Red flags: In mid-May 2021, a group of irregularities detected by STAT Trials Pulse surfaced red flags in the ALRN-6924 trial, serving as an early warning of potential problems within the trial.
On May 18, 2021, the trial completed enrollment with only 50% of the anticipated participants, cutting the patient count from an anticipated 120 to 60. Falling substantially below enrollment goals can change the validity of assumptions around efficacy and study design, impacting a trial’s ability to achieve target power and statistically reliable results. At the same time, the primary completion date of the trial was delayed substantially, moving from the previously-anticipated March 1, 2021, to June 1, 2022.
A few months later, on July 1, 2021, the trial again varied from regular trajectory, re-entering recruitment. Often, this serves as a signal that the sponsor is looking to increase the ability to detect a signal and may be struggling for statistical significance with its current patient pool.

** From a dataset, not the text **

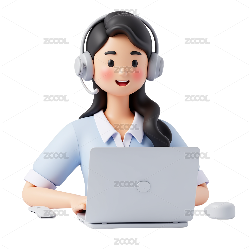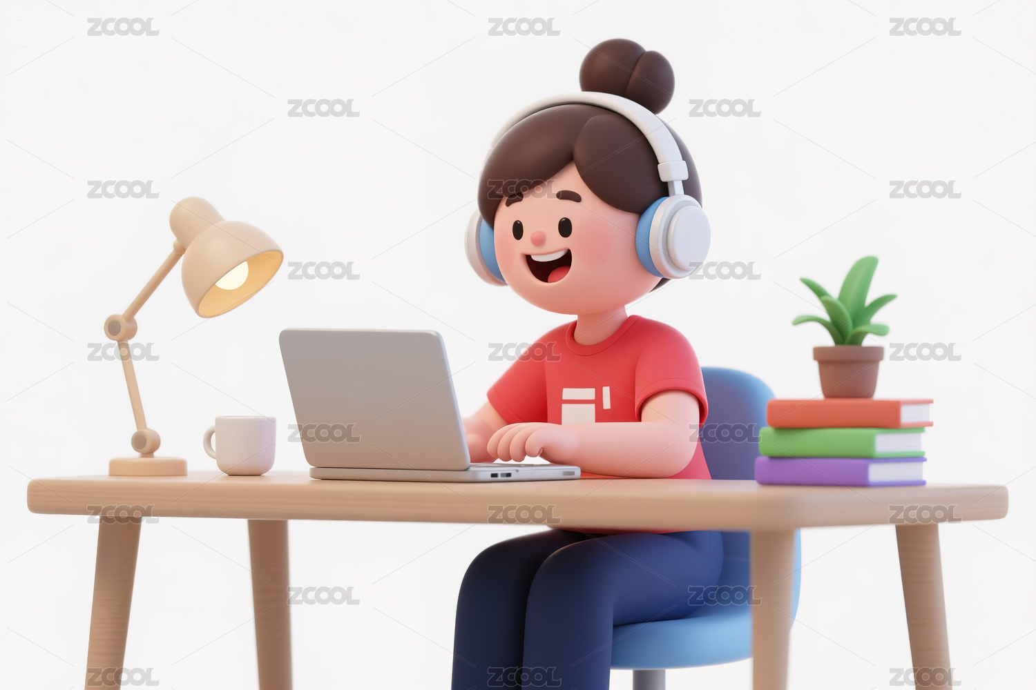 戴着耳机使用笔记本电脑工作学习的3d插画

The impact: One year later, on June 29, 2022, Aileron announced the disappointing results of an interim analysis, highlighting that ALRN-6924 was not performing better than placebo on the exploratory composite primary endpoint. The company shared that it planned to stop further enrollment and shift focus to its only remaining trial, exploring the impact of ALRN-6924 on chemoprotection in p53-mutated breast cancer. With this announcement, Aileron’s stock dropped by a drastic 41% in one day.
On October 11, 2022, Aileron officially terminated the trial on clinicaltrials.gov, specifically citing that they were unable to generate statistically significant results with the sample size of the trial.
The fallout: On February 21, 2023, Aileron’s announced the termination of the last trial for ALRN-6924, focused on p53-mutated breast cancer, sharing on clinicaltrials.gov a few days later that the first four patients enrolled experienced Grade 4 neutropenia and alopecia in their first cycle of treatment, failing both the primary endpoint and the main secondary endpoint.
This news sent the stock, which had been gradually falling since the news of the first trial’s failure, an additional 38% in one day. This marked the official endgame for Aileron’s sole drug candidate, prompting them to lay off most of the remaining staff and search for strategic options for an exit.
The bottom line: STAT Trials Pulse surfaced irregular signals that the ALRN-6924 trial may have been struggling for significance more than a year before Aileron announced results that echoed these warnings. Staying on top of red flags in critical drug pipelines can aid investors in getting ahead of market-moving announcements and allow biopharma professionals to strategize ahead of time.